Overall, there have been few opportunities to test whether reducing traffic (or adopting zero-emitting vehicles) will lead to dramatic improvements in air quality. Although the relationship between traffic and air quality may seem self-evident, it is important to quantify this relationship for key pollutants such as ultrafine particles.
A Valuable Opportunity
In July 2011, Interstate 405, one of the busiest freeways in the United States, was closed for two days as part of a freeway improvement project. Months in advance, the California Department of Transportation (Caltrans) alerted the public to the potential for major traffic jams. The warnings were so dire the media labeled the closure “Carmageddon.”
We saw this event as a valuable opportunity to measure the impacts of a major freeway closure on local traffic and to assess the resulting effects on air quality near freeways. We also compared recent ultrafine particle concentrations on a regular weekday with measurements collected in 2001 at the same location. This comparison allowed us to evaluate the efficacy of emission control programs and related transportation policies over the past decade. Lastly, we explored the changes in region-wide air quality as a result of the freeway closure.

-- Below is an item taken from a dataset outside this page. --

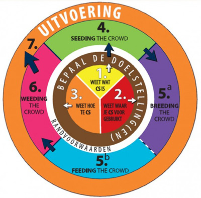 Zoals gezegd, er is geen eenduidige theorie die ons vertelt hoe crowdsourcing toegepast kan worden en hoe een gewenste uitkomst bereikt kan worden. De auteurs van dit boek beogen dit dan ook niet, maar lichten aan de hand van een verscheidenheid aan cases de mogelijkheden toe waar een initiator van crowdsourcing mee te maken krijgt. Om het gewenste, outside-in, effect te bereiken is een basis van inside-out denken benodigd. Deze doelgerichte vorm van crowdsourcing wordt behandeld aan de hand van zeven stappen, samengevat in onderstaand ‘steeringwheel van crowdsourcing’.

We set up fixed-site monitors for the key pollutants on both sides of the I-405 freeway along Constitution Avenue, a perpendicular cross street passing under the freeway in West Los Angeles [Figure 1]. In addition, we drove a zero-emissions electric vehicle, with various monitors, along Constitution to measure vehicle-emitted pollutants from I-405 and Sepulveda Boulevard, which runs adjacent to the I-405. We conducted measurements on three consecutive weekends: the weekend before, during, and after the closure.
During the closure, northbound I-405 lanes were completely closed for 16 kilometers (10 miles) between I-10 and US-101, and southbound closures extended for 8 kilometers (5 miles) between US 101 and Getty Center Drive. Sepulveda remained open throughout the shutdown, but Constitution Avenue was closed.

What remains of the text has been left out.